START TASK MATERIAL

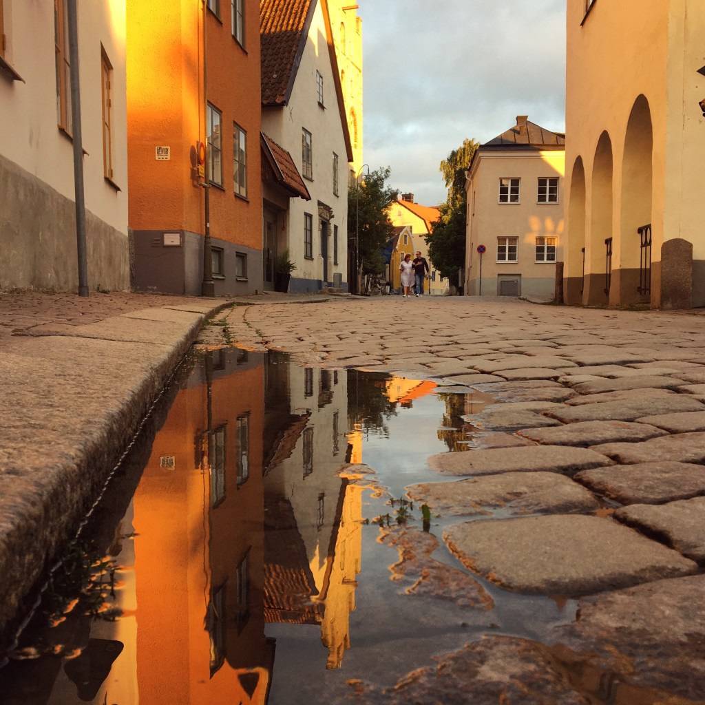 Glömde: Fastnar för en soliga speglingspölbilden från Visby, ett extra plus för paret i bakgrunden och att pölen är böjd. Snyggt!
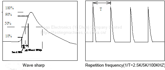 The electrical fast transient/ burst generator is to simulate the electrical fast transient or burst, the repetitive fast transient test is a test with bursts consisting of a number of fast transients, coupled into power supply, control, signal and earth ports of electrical and electronic equipment.
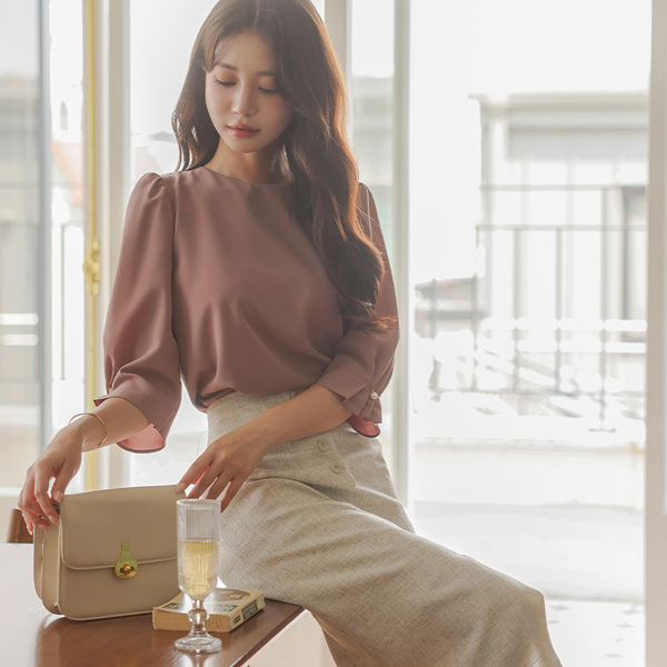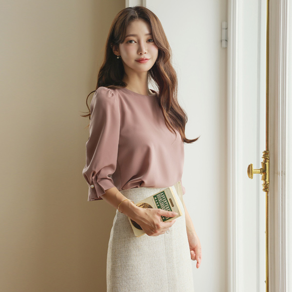 圆领 7分袖 细褶 珍珠 点缀 罩衫
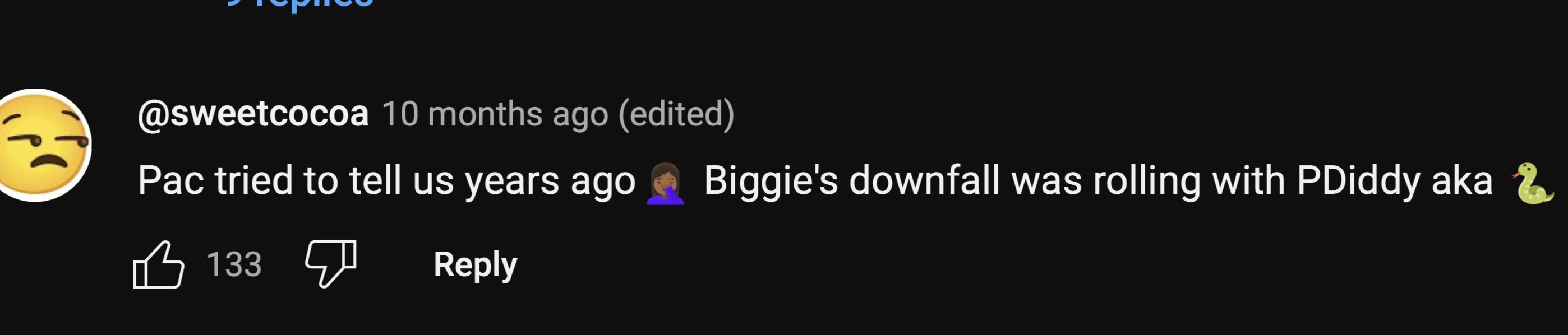 "Pac tried to tell us years ago. Biggie's downfall was rolling with PDiddy aka [snake emoji]."
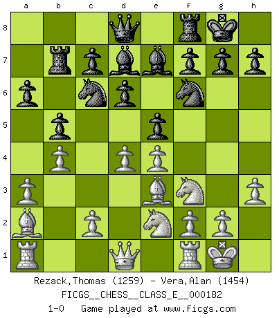 Last move : 1-0 2015 December 31 10:23:15 [Event "FICGS__CHESS__CLASS_E__000182"] [Site "FICGS"] [Date "2015.09.26"] [Round "1"] [White "Rezack,Thomas"] [Black "Vera,Alan"] [Result "1-0"] [WhiteElo "1259"] [BlackElo "1454"] 1.e4 e5 2.Nf3 Nc6 3.Nc3 Nf6 4.Bb5 d6 5.h3 Bd7 6.a3 Be7 7.O-O O-O 8.d4 a6 9.Ba4 b5 10.Bb3 Na5 11.Ba2 Rb8 12.b4 Nc6 13.Be3 Rb7 14.Ne2 1-0 This chess game has been lost on time (started : 2015.09.26 3:28:7) Four knights : Spanish variation Kingside Castling by player White (move 7) Kingside Castling by player Black (move 7) Player White won this chess game. Follow this game move after move (download)A chess genius has died; a loss for humanity. (Viktor Kortchnoi, about Bobby Fischer's death) Aljechin war kein Nazi. Er war ein Opportunist. Ein schrecklicher Mann. Er liebte Geld über alles und würde für Geld ein Jude, ein Katolik oder ein Protestant werden. (Miguel Najdorf) El Ajedrez es 99 por ciento táctica. (Teichmann) Toutes les manuvres exécutées sur une colonne ouverte ont pour but ultime l'intrusion définitive sur la septième ou la huitième rangée, en plein cur de la position ennemie. (Aaron Nimzovitch) The greatest con, that he ever pulled... was making you believe... that he is you. (Revolver, movie)
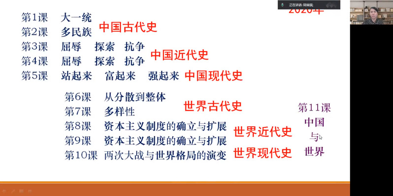 其次, 在“指向主旨和方法目标的单元教学的设计”后,陆瑞琪老师进一步分享了上海新课标改革中的“大概念”教学理念,展示了初中历史“大概念教学”示范性课程,以第11课“中国与世界”为范例介绍如何实现世界古代史、世界近代史、世界现代史的历史知识的有机整合。
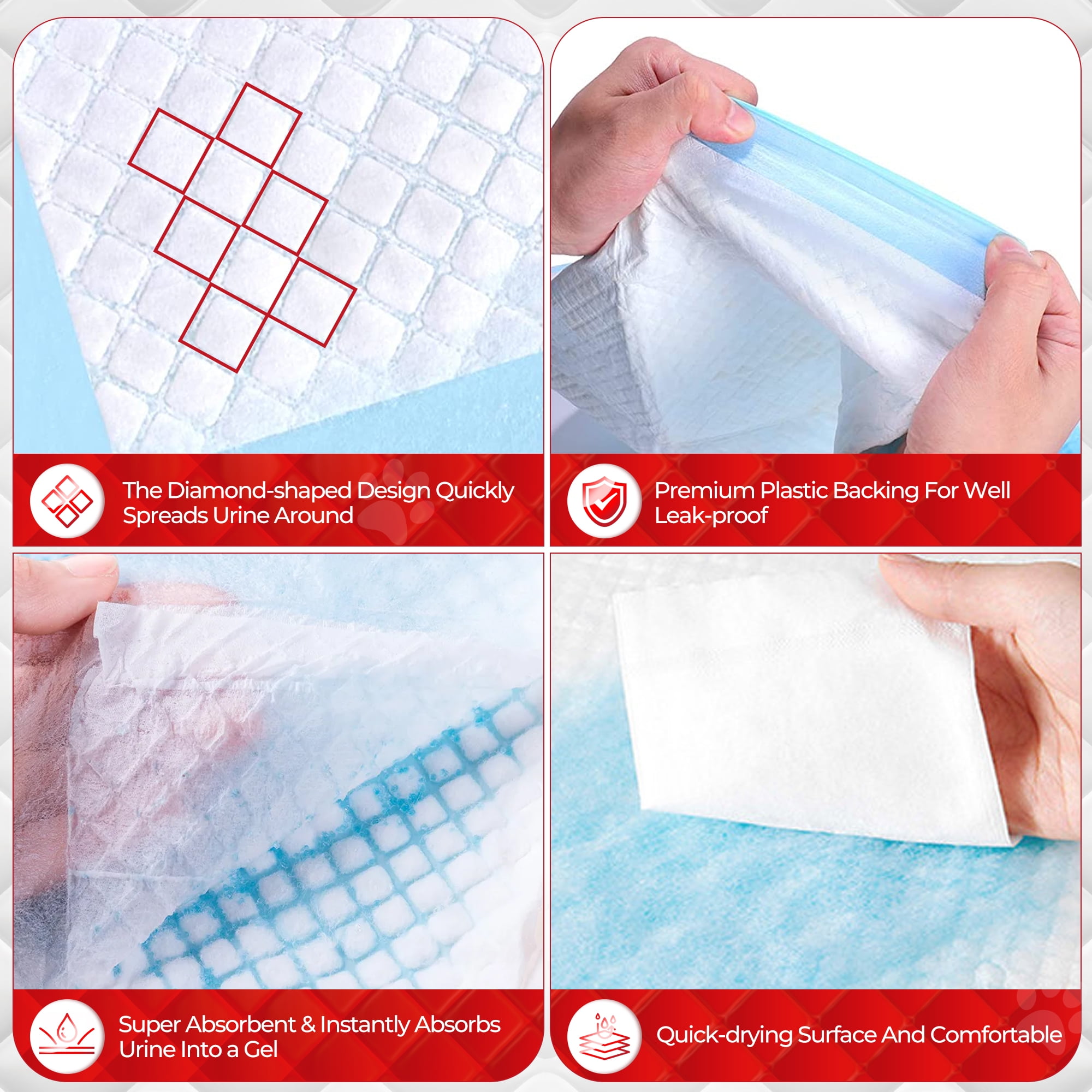 Pet's perfect life starts with using them - Pet Training Pads for Dogs and Puppies. Try out these super absorbent training pads today! Mess-Free Disposable Dog Pee Wee Pads use for pet size small and medium, with features in Super Absorbent / Quick-Drying No-Track Surface/Splash-Prevention Quilted Pattern/6 Layer Protection. Tolobeve Puppy Pads give your dogs the best chance for successful potty training. Our pet training pads offer superior performance and reliable convenience so that your puppy learns fast and always knows where to relieve himself correctly.In addition to training young puppies, our pads also work well in daily use of small and medium sized dogs, and elderly dogs with no mobility. Choose our puppy pads different size and packs, 40, 50, 100, or 160 packs to suit your dogs. This link Large size pads Quantity is 100 count.

END TASK MATERIAL

WHAT IS BEING ASKED: The line with "tried to tell" marks the end: restate word for word every line from the top of the data through that one, omitting pictures.

ANSWER BELOW:
 Glömde: Fastnar för en soliga speglingspölbilden från Visby, ett extra plus för paret i bakgrunden och att pölen är böjd. Snyggt!
 The electrical fast transient/ burst generator is to simulate the electrical fast transient or burst, the repetitive fast transient test is a test with bursts consisting of a number of fast transients, coupled into power supply, control, signal and earth ports of electrical and electronic equipment.
 圆领 7分袖 细褶 珍珠 点缀 罩衫
 "Pac tried to tell us years ago. Biggie's downfall was rolling with PDiddy aka [snake emoji]."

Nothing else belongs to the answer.